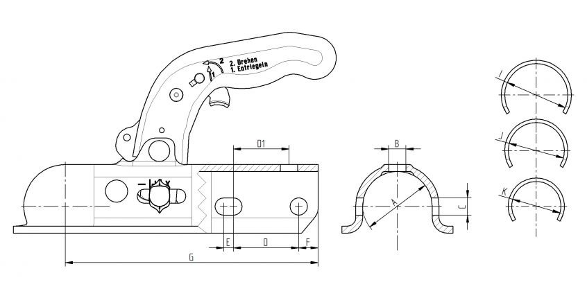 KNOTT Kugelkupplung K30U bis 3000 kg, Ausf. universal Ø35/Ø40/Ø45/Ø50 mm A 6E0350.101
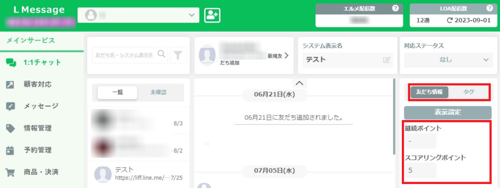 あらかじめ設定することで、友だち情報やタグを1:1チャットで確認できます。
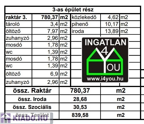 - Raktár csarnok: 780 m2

# # # # # # #

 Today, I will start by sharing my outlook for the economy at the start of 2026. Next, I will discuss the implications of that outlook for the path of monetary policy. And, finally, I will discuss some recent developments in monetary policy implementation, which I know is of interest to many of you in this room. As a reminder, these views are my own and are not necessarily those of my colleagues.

# # # # # # #

What is required — An exact copy is needed of the stretch above that opens with the line containing "KNOTT Kugelkupplung K30U" and closes with the line containing "- Raktár csarnok: 780 m2"; the pictures are not part of it.

Task response —
 KNOTT Kugelkupplung K30U bis 3000 kg, Ausf. universal Ø35/Ø40/Ø45/Ø50 mm A 6E0350.101
 あらかじめ設定することで、友だち情報やタグを1:1チャットで確認できます。
 - Raktár csarnok: 780 m2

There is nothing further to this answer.